Totally agree with you, Frank ! I rode RTD 55 only once, 8/71, from the RTD/Greyhound terminal, 6th & Los Angeles Sts, to 7th St, Long Beach, from whence I walked to CSULB. I dont recall how or where the bus exited the 710, but I think it took the major streets thru Downey, Norwalk, etc, to Long Beach. I’d much appreciate re-learning the route.
This was a long time ago (around 1980), but I recall seeing RTD Line 55 buses on Rosemead/Lakewood Blvd in Downey,
Santa Ana Freeway (5) to Telegraph Road in Downey, then Lakewood Blvd all the way to the circle in Long Beach, Ximeno Ave, 2nd St, some squiggling through Seal Beach, and PCH all the way to Newport Beach.
By 1985 the route was renumbered 266, the southern part was rerouted at the circle to go on PCH to CSULB and end there, while in the north the route no longer served DTLA, but rather continued on Rosemead to Pasadena.
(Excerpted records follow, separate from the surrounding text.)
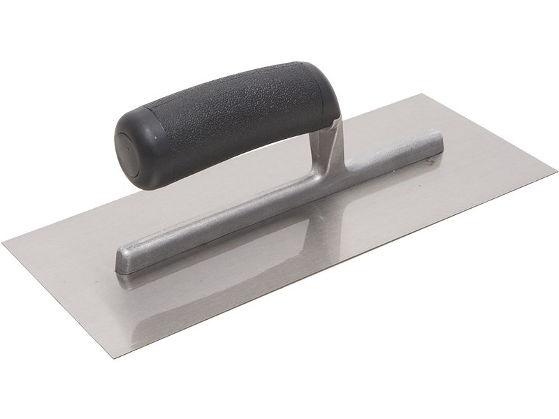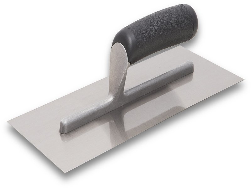 Diese Trockenbaukelle von Marshalltown QLT hat eine Halterung aus Aluminiumguss, die leicht, aber doch robust ist. Sie ist an das flexibles Carbonstahlblatt befestigt , das temperiert, geschliffen und poliert ist. Die Kelle hat einen schwarzen Kunststoffgriff, der pflegeleicht ist. Diese Kelle ist ein zuverlässiges Werkzeug um beim Trockenbau gute Arbeit zu leisten.
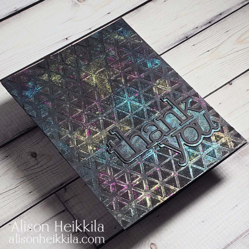 Hello! I often get so inspired by other crafters, just as we all probably do. One of my favorite YouTubers is Ardyth…she always has so many great ideas, and isn’t afraid to experiment. One of her latest videos, her Top Techniques of 2025 got me really excited to play with my Lindy’s Magicals, and to recreate one of the techniques she shared, except using black cardstock and black embossing paste, instead of white on white. Let’s see how it turned out!
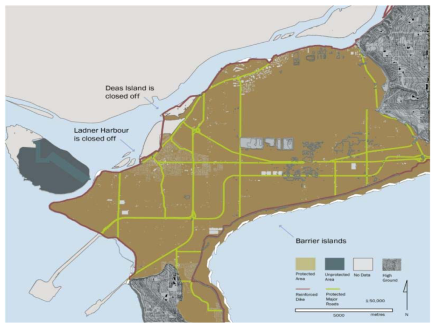 - i. A “No Action” Scenario developed in detail, taking into account a full range of impacts such as frequency of flooding projections, storm surge events, Fraser River flooding and increased rainfall intensity. This will also give a better understanding of damage costs and implications potentially avoided by the scenarios.
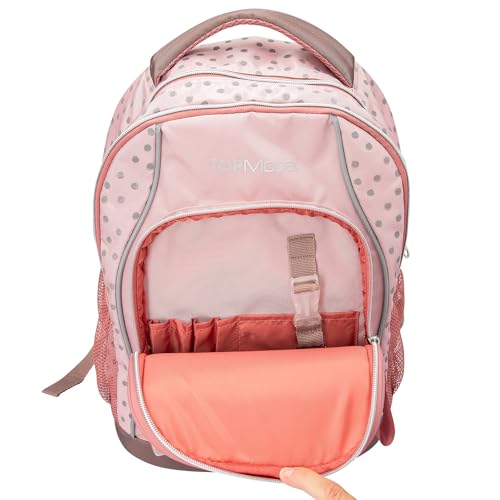 Depesche 14009 TOPModel Dots – Schulrucksack in Rosa, mit Model Motiv, Punkte-Muster und Glitzer, Schultasche mit verstellbaren Trägern
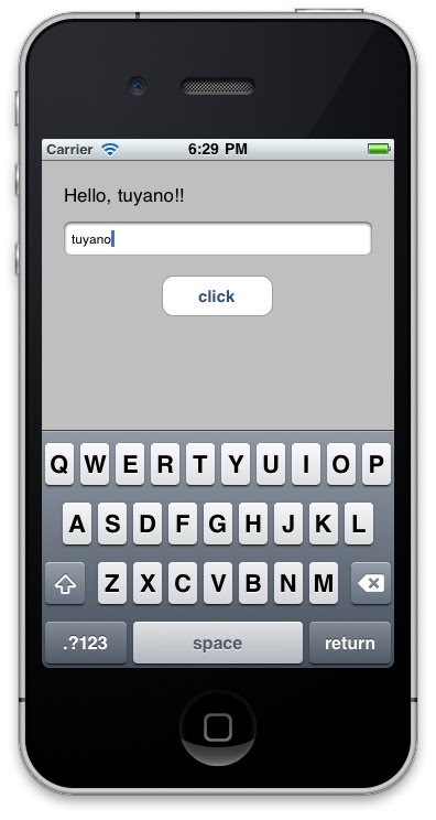 id str = [field1 text];textはUITextFieldに記述されているテキストをNSStringとして取得するものです。これで書かれたテキストを変数に取り出します。
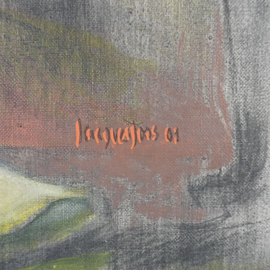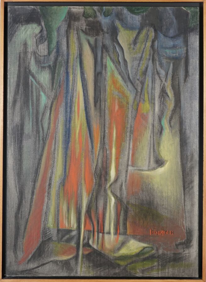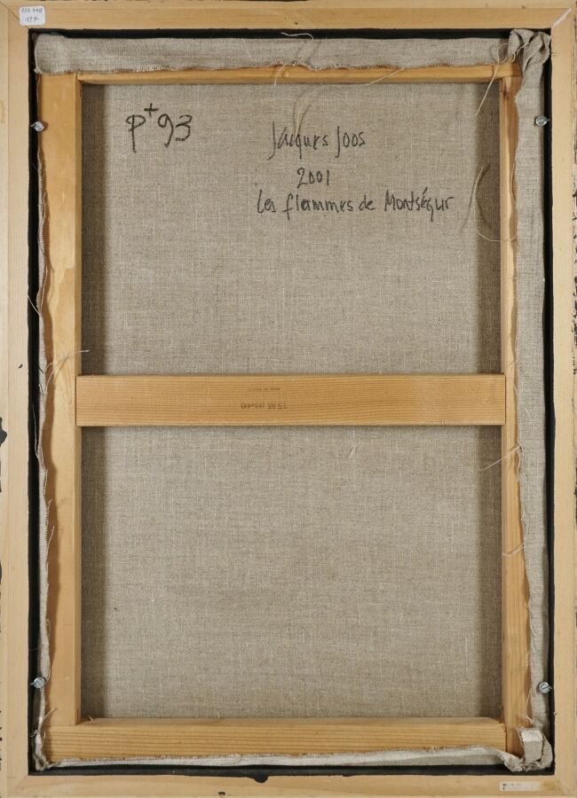 Jacques JOOS (1945-2021), "Les flammes de Montségur", 2001, technique mixte sur toile, signée en bas à droite, signée, titrée et datée au dos, 65 x 46 cm.
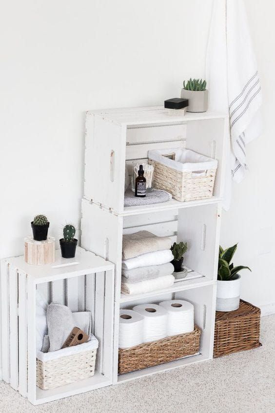 Riciclate delle cassette di legno e trasformatele in un bel mobile componibile da tenere nel bagno piccolo. Magari, dipingetelo di bianco o del colore che più vi aggradi. Con le cassette della frutta, che si reperiscono facilmente, create un arredo originale e super funzionale per ottimizzare lo spazio.
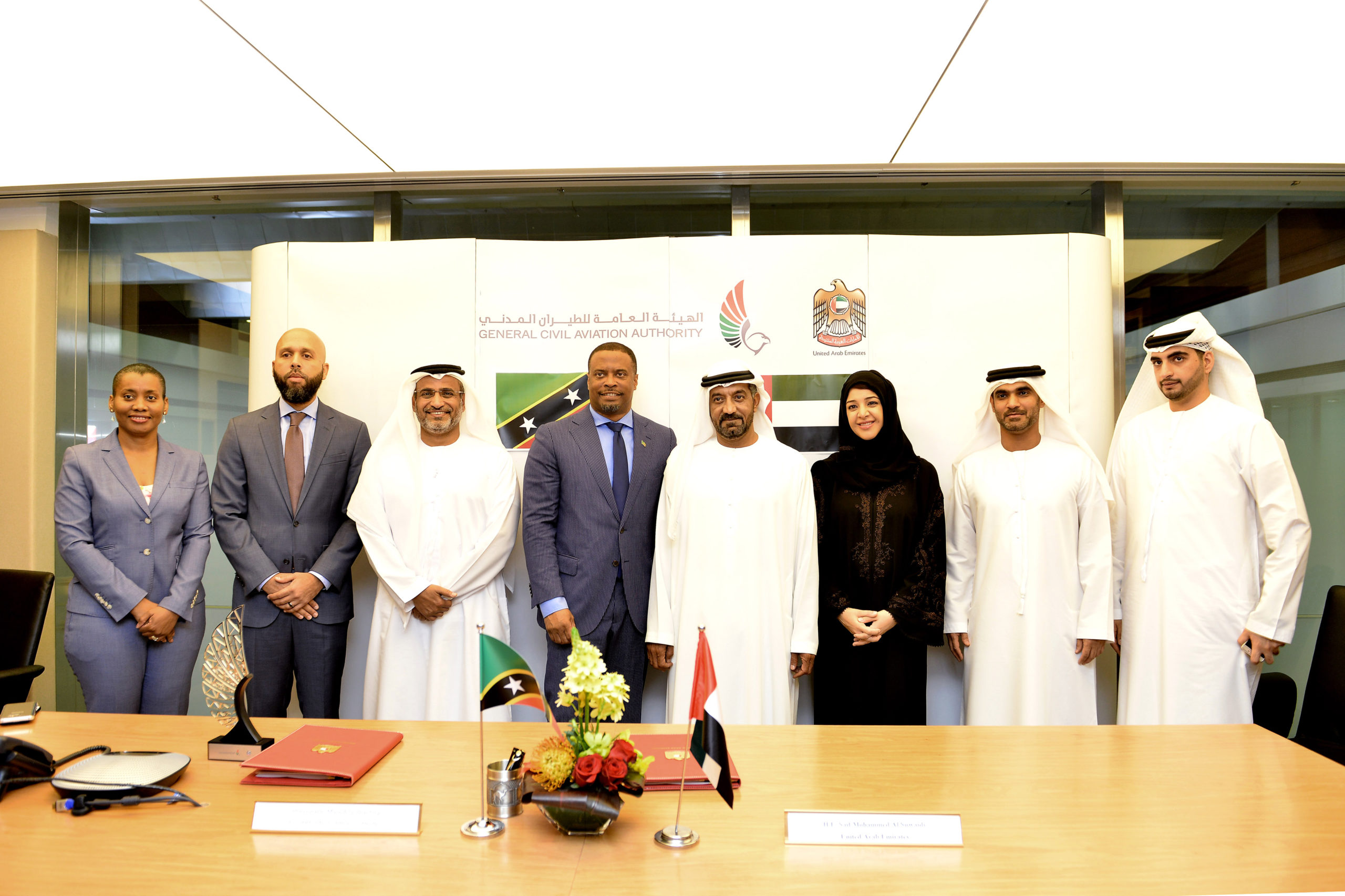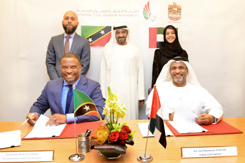 Dubai, United Arab Emirates (20 November 2016) – Today 20th November, 2016 marked an historic day in the relationship between St Kitts and Nevis and the United Arab Emirates as officials of both countries met in Dubai to sign an Air Services Agreement which is intended to pave the way for future air traffic between the two countries. In a high level ministerial meeting before the signing, St Kitts Nevis Foreign Minister Mark Brantley met with His Highness Sheikh Ahmed bin Saeed Al Makotoum, (Chairman and CEO Emirates Airline, Dubai Aviation City Corporation, Dubai World, Flydubai, Noor Islamic Bank PJSC, Noor Investment Group, Noor Takaful General PJSC, and Noor Takaful Family PJSC) and Her Excellency Reem Ebrahim Al-Hashimi (Minister of State and Cooperation and Managing Director for the Dubai World Expo 2020 Bid Committee) to discuss a wide range of issues centred around the deepening and broadening of relations between St. Kitts and Nevis and the UAE.
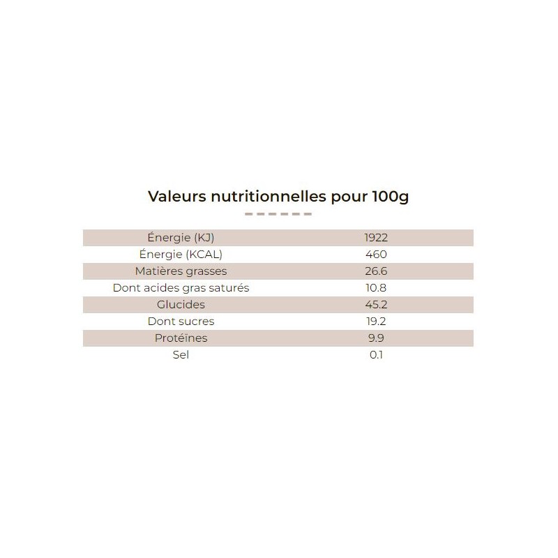Valeurs énergétique moyennes pour 100g: 1870kj/447kcal matières grasses 25.2g dont acides gras saturés 11.0g,glucides 47.2g dont sucres 19.2g,protéines 7.2g, sel 0.1g
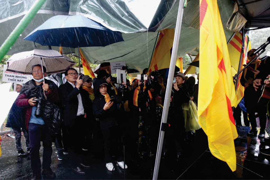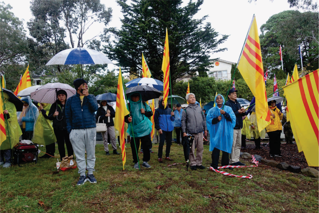 Ông Trần Nhân, đại diện cho tổ chức Hậu Duệ Việt Nam Cộng Hòa và cũng là người điều hợp phái đoàn Tiểu Bang NSW dự cuộc biểu tình, cho biết mặc dù tiên đoán thời tiết sẽ có mưa nhưng đã có hơn 500 người có mặt trước tòa đại sứ CSVN nói lên ý chí tranh đấu, lòng tin của người Việt rằng một ngày nào đó cộng sản sẽ không còn tồn tại “và chúng ta được thanh bình tự do trở về quê hương”.

Which is pretty much where it is today, except that the southern part was truncated to Lakewood Mall some time in the 1990s.
Thanks very much!
Frank, good point about the need for a Southern California Regional Transportation Authority, especially considering the extension of the Gold Line to Ontario, which effectively creates a regional light rail.
Idk why metro can’t extend line 577 south to Seal Beach. It seems like a no brainer.
Good suggestion. On our trip, we took the Metro 577 from El Monte Station to the end of that line near the Long Beach VA Hospital and then transferred to Long Beach Transit(LBT) 171 to complete the journey to Seal Beach. Our return loop this day was via the LBT 131, LBT AquaLink, Metro Blue, Metro Green and Metro Silver. As for the transfer to Metro Green, we wanted to show riders an alternate way home in case of problems along the Blue Line.
Line 577 used to continue to the Long Beach Transit Mall; it was truncated to the VA Hospital in 2011. My guess is that this was done in order to save service hours, as Metro was duplicating frequent service on Long Beach Transit between the VA Hospital and downtown Long Beach.
The same would go for extending the route to Seal Beach: there’s service from the VA Hospital to Seal Beach on both LBT (171) and OCTA (1), so unless Seal Beach is a major destination for people heading from El Monte (which it probably isn’t), it makes much more sense for the few people headed to Seal Beach to connect at the VA Hospital rather than adding service on Metro.